Confessing providence, I am patient in adversity. Faith in the doctrine of providence silences my rebellious heart and lips. I acquiesce to his will. I endure it. That is patience. I submit to it and begin to will it and to glory in tribulations, also knowing that God works all things for good to those who love him and are the called according to his purpose.

It is comfort in providence that in the midst of evil I sing as the farmer—or maybe his wife too—in Habakkuk 3:17–18: “Although the fig tree shall not blossom, neither shall fruit be in the vines; the labor of the olive shall fail, and the fields shall yield no meat; the flock shall be cut off from the fold, and there shall be no herd in the stalls: yet I will rejoice in the Lord, I will joy in the God of my salvation.”

There you see vividly demonstrated a believer who will not be robbed of God’s providence. He sang not as a stoic for whom life and death were the same, for whom suffering and prosperity were the same. He did not sing as some untried and naive man. He was definitely aware of suffering; he was intensely aware of it; like Job he was in the midst of it.

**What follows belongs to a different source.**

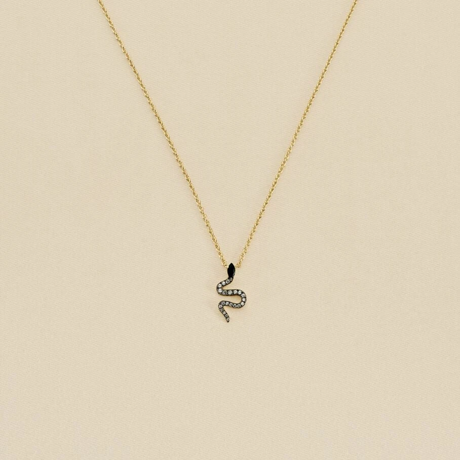 Collier court en argent véritable doré 750/1000, orné d’un serpent pavé d’oxydes de zirconium
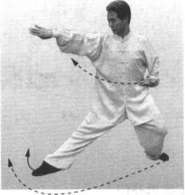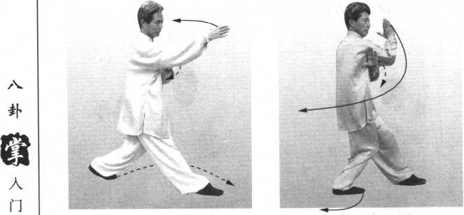 两臂相错,右臂内旋,右掌沿左臂下方向左前方穿出,虎 口向上,拇指微扣,指尖领路,掌与肩同高;左臂边外旋边贴肋 后撤,左掌置于右肘窝处,虎口向上,拇指微扣。同时,身体左 转,右脚向左前进步走行步桩。目视右掌方向(图4-3-55 )。

He sang because like Job he was also intensely aware of who did this: he did not say the devil did it, the weather did it, or the world did it. He did not say either that God did it and then blaspheme his name. He said, “The Lord gave and the Lord took away, blessed be the name of the Lord.” He sang, “God is king forever, let the nations tremble.” He sang of a hope that is reserved in heaven for him, of a city that hath foundations, and of a newborn world.

He sang because this was all the work of his heavenly Father and the God of his salvation who gave him Jesus Christ, and with Christ turns all things to his profit. He would not robbed of God’s providence because it was the source of unspeakable consolation to him. Let us confess it and so be comforted in that confession.